Tween protects recombinant human growth hormone against agitation-induced damage via hydrophobic interactions.

In the absence of surfactants, recombinant human growth hormone (rhGH) rapidly forms insoluble aggregates during agitation. The nonionic surfactant Tween 20, when present at Tween:protein molar ratios >4, effectively inhibits this aggregation. Differential scanning calorimetry (DSC) of rhGH solutions showed melting transitions that decreased by ca. 2 degrees C in the presence of Tween. Circular dichroism (CD) studies of the same thermal transition showed that the decrease is specific to the relatively high protein concentrations required for DSC. CD studies showed melting transitions that decreased with lower protein concentrations. Tween has an insignificant effect on the melting transition of rhGH at lower protein concentrations (0.18 mg/mL). Injection titration microcalorimetry showed that the interaction of Tween with rhGH is characterized by a weak enthalpy of binding. For comparison, interferon-g, another protein which has been shown to bind Tween, also shows weak enthalpy of binding.
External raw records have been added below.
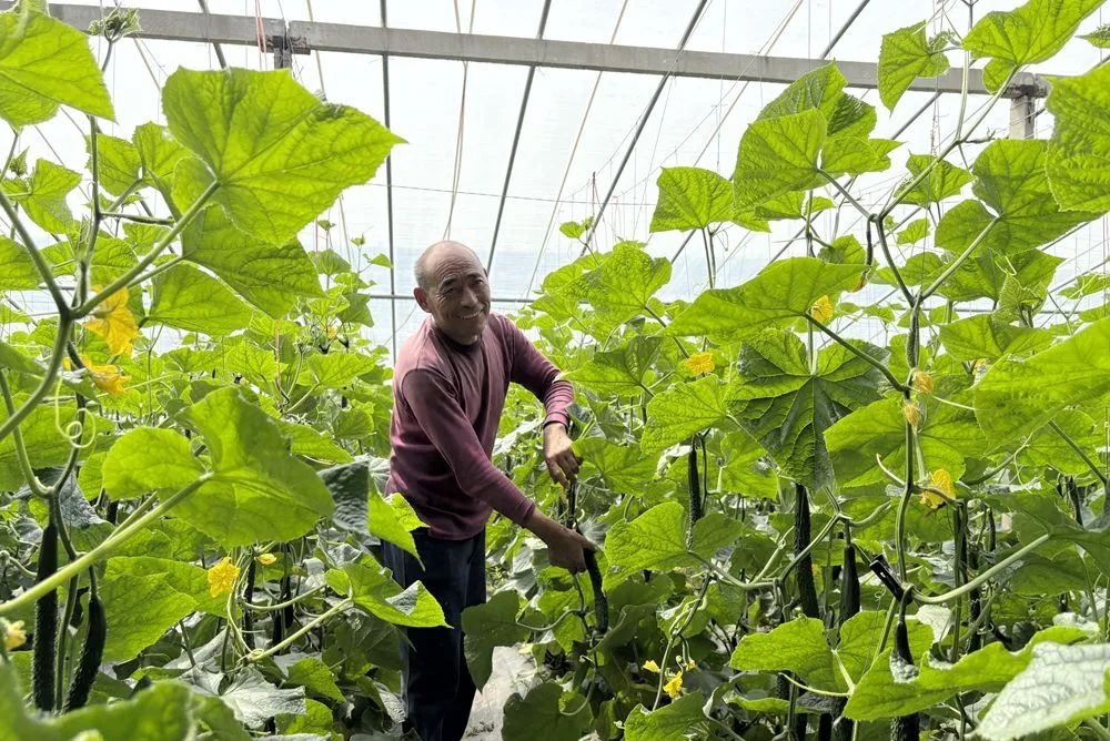 种植户任景文在黄瓜大棚忙里忙外,凭借着多年的种植经验和精心管理,他种植的蔬菜品质好,深受市场欢迎。“近期正值头茬黄瓜采摘期,收获期可持续至6月底。我的黄瓜短把、密刺、青瓤,脆嫩清甜,目前供不应求。每天都能采收400斤到600斤,高峰期能采收800斤左右。”任景文笑着说。
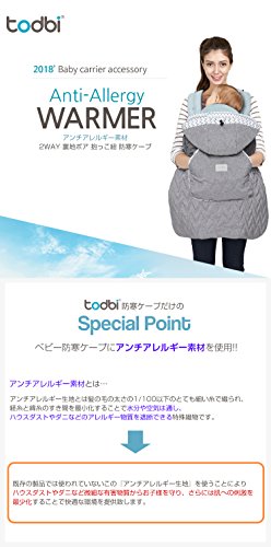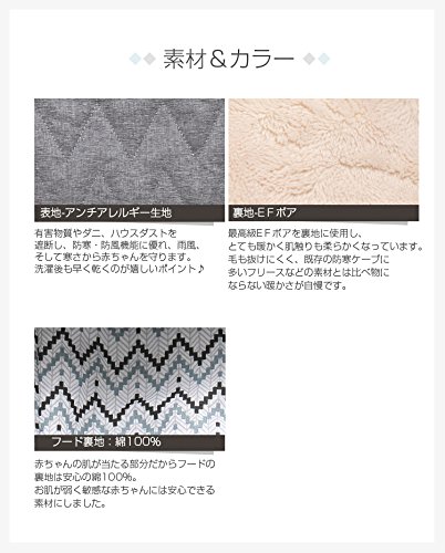 ダニNO!ハウスダストNO! アンチアレルギー素材 2WAY 裏地ボア 防寒 ベビーケープ(全ての抱っこひも、ヒップシート、ベビーカー装着可能)【todbi_warmer】 (グレー)
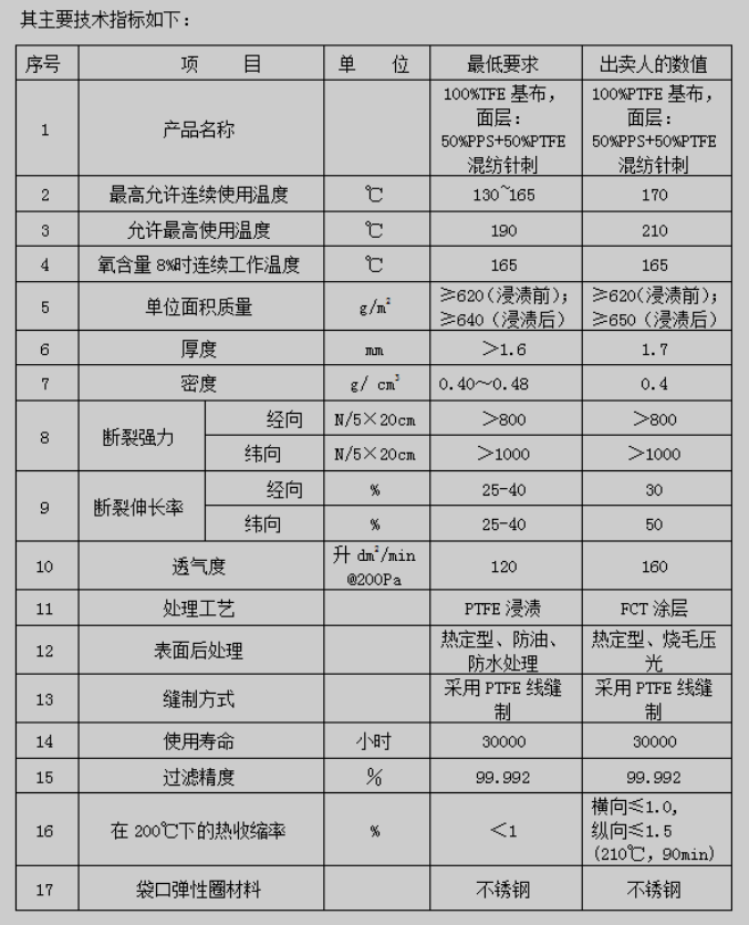 鑒于對濾袋的檢測結果,濾袋需盡快進行更換。根據檢測情況看原設計材質為PTFE基布,迎塵面和背塵面為100%聚苯硫醚纖維(進口),已不在適用該廠運行工況,需對濾袋材質進行改型。
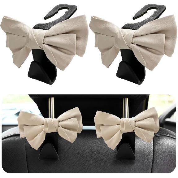 2 PCS Car Seat Headrest Hooks, Cute Bow Shaped Vehicle Backseat Storage Hooks, Leather Bow Shaped Sturdy Car Seat Back Hooks For
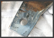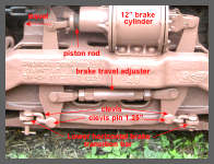 | On the 20th, Rick and I reinstalled the lever after it was primed and painted. A liberal coating of grease allowed the lever to slide into place with ease, but that was the easy part. Getting the clevis pins into the holes while fighting the weight of the brake shoe hanger and the weight of the lever proved to be a challange. Not being able to see the holes from underneath, meant everything had to be done by feel. A drop pit would have been nice! But once the 3/8" cotter pins were opened, we were able to adjust the brake piston travel back to the recommended two inches. |
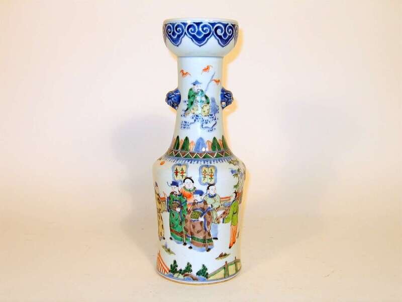 Of Kangxi style, ruyi band underglazed to U shape mouth, slender neck applied to show masks, cylindrical body enameled and underglazed to show figural landscape, buff unglazed recessed base.
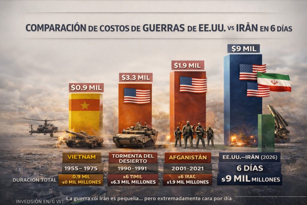 | Conflicto EE. UU.–Irán (2026) | 6 días | US$7B – US$9B | US$1B x día | Guerra tecnológica de alta intensidad basada en misiles, drones y defensa antimisiles |
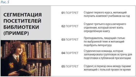 Поскольку библиотека перестала восприниматься как книгохранилище, современный посетитель не обязательно является читателем в традиционном смысле этого слова. В связи с этим нельзя оставаться в традиционных рамках разделения посетителей библиотеки на студентов и преподавателей. Одним из главных параметров становится пользовательская задача: зачем посетитель пришёл в библиотеку и кто он? Исходя из этого можно разработать типовые сценарии поведения и взаимодействия, чтобы сделать решение задачи проще, быстрее и эффективнее. В частности, эксперт предлагает вариант сегментации, представленный на рис. 5.
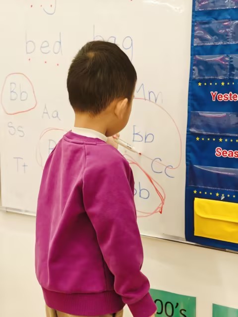 In phonics, the children learned the letter Bb. They identified the letter in upper and lowercase, learned vocabulary beginning with the letter and used the letter’s sound to blend unfamiliar words.
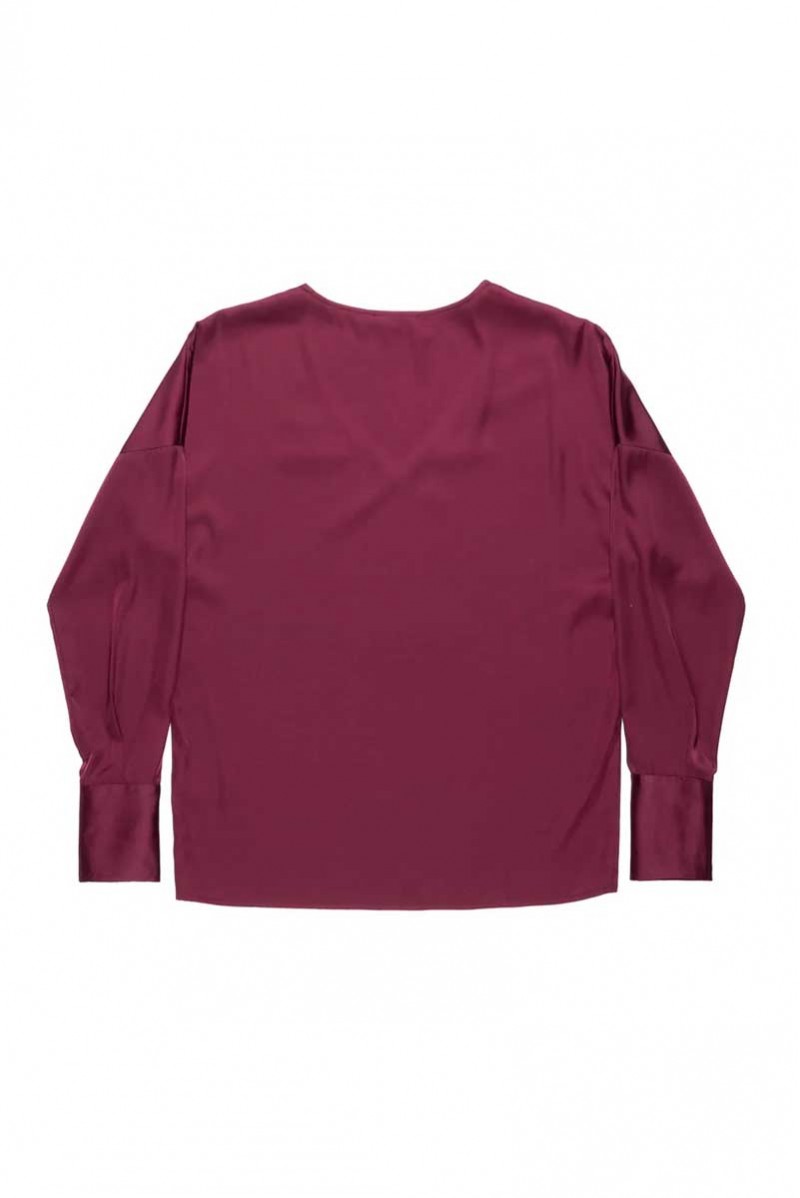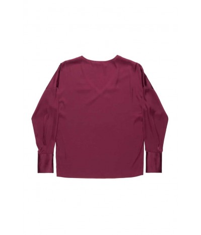 Blusa Nenette elegante e femminile, caratterizzata da un raffinato effetto seta che dona luminosità e morbidezza al tessuto. Il modello presenta un sensuale scollo a V che valorizza la scollatura e maniche lunghe che conferiscono un’eleganza senza tempo.

Fluorescent probe binding studies and infrared spectroscopic investigations of rhGH secondary structure support suggestions in the literature (Bam, N. B.; Cleland, J. L., Randolph, T. W. Molten globule intermediate of recombinant human growth hormone: stabilization with surfactants. Biotechnol. Prog. 1996. 12, 801-809) that Tween binding is driven by hydrophobic interactions, with little perturbation of protein secondary structure.